In light of the facts before the court in this case, I think it is preferable to rely on a strict application of Rule 803(4) of the Federal Rules of Evidence. Rule 803(4) appears to have abolished the common-law distinction between those statements made while consulting a “physician” for purposes of examination and statements made while consulting him for purposes of testifying as a witness. The Second Circuit has held that, in light of the Advisory Committee Notes to Rule 803(4), so long as the statements made by an individual were relied on by the physician in formulating his opinion, they are admissible. O’Gee v. Dobbs Houses, Inc., 570 F.2d 1084, 1089 (2d Cir.1978). See also Weinstein & Berger, Evidence ¶ 803(4) [01]. Although this holding ignores the traditional common-law prong of the rule that requires that the statements be made for the purposes of seeking treatment, it has clear support in the Advisory Committee Notes to Rule 803(4).2

It is appropriate to recognize, however, that evidence admitted under the standard discussed by the Second Circuit and the Advisory Committee Notes has less inherent reliability than evidence admitted under the traditional common-law standard underlying the physician treatment rule. The professional objectivity of a physician responsible for treatment may well be greater than that of a witness employed and paid to testify as an expert. More importantly, the veracity of the declarant’s statements to the physician is less certain where the statements need not have been made for purposes of promoting treatment or facilitating diagnosis in preparation for treatment. In my view, an appellate court should be reluctant to disturb the discretion of a district court that has excluded such testimony on the ground that its prejudicial effect outweighs its probative value. See Fed.R.Evid. 403. But in this case, the reasons for exclusion by the district court are not clear. In excluding Dr. Harrison’s testimony as to what Hilary told him, the court appeared to rely, without further elaboration, only on the facts that “[Hilary] isn’t here and her age and the circumstances of the case.” (J.A. at 115). In light of *953Rule 803(4), and the importance of these statements to appellants’ case, these reasons are insufficient to justify exclusion of the evidence.

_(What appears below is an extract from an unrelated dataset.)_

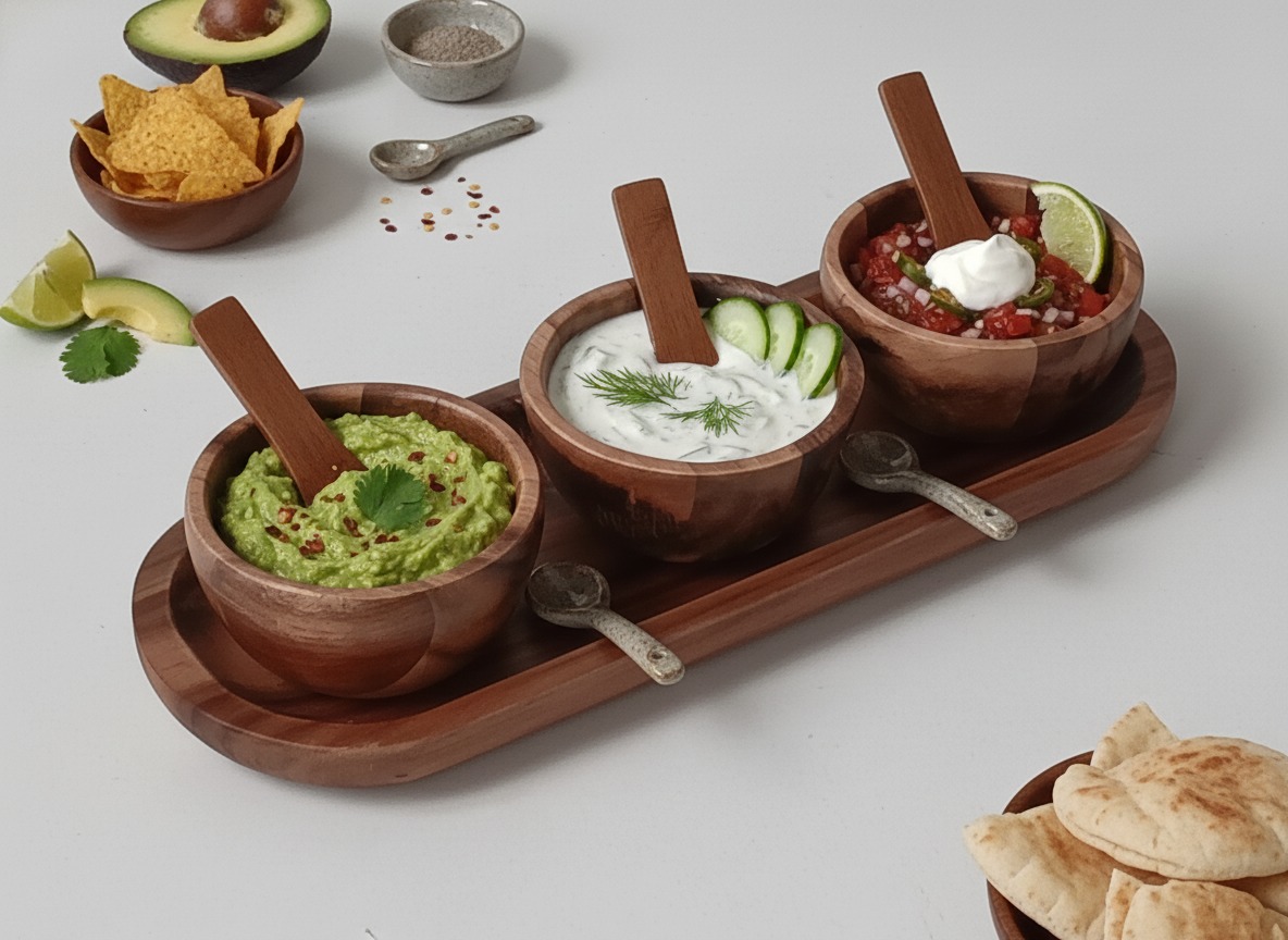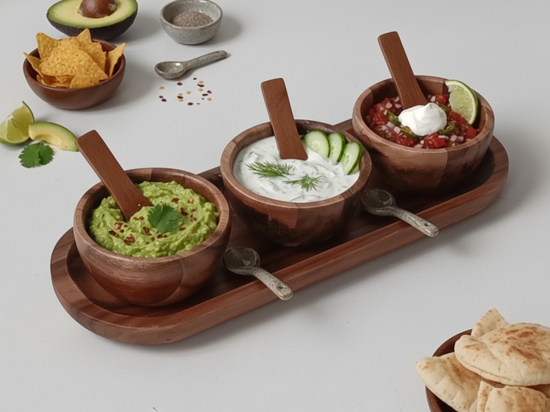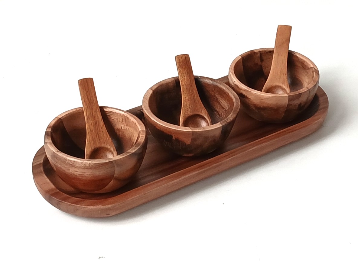 4pc acacia dip bowl set

Rather than conclude, however, that Dr. Harrison’s testimony should have been admitted into evidence, I would leave this question for reconsideration at the retrial of this case, if there should be a retrial.

. No distinction has been made where the statements in question were made to a psychologist rather than a physician. See Fed.R.Evid. 803(4) advisory committee’s note.

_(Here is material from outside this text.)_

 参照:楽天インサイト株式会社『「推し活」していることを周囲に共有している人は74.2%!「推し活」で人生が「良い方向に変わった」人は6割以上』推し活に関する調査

. These Notes explain that, at common law, statements made to a physician consulted only for the purpose of enabling him to testify were not admissible as substantive evidence. Rule 803(4) rejects this limitation because a physician, as an expert, is allowed to state the basis of his opinion, including statements of this kind. This calls for a distinction that juries are unlikely to make, and therefore the limitation has been abolished.

In a civil case, where there is no Confrontation Clause problem, it was within Congress’ discretion to approve a rule authorizing the admission of whatever evidence it thought appropriate, absent a due process violation.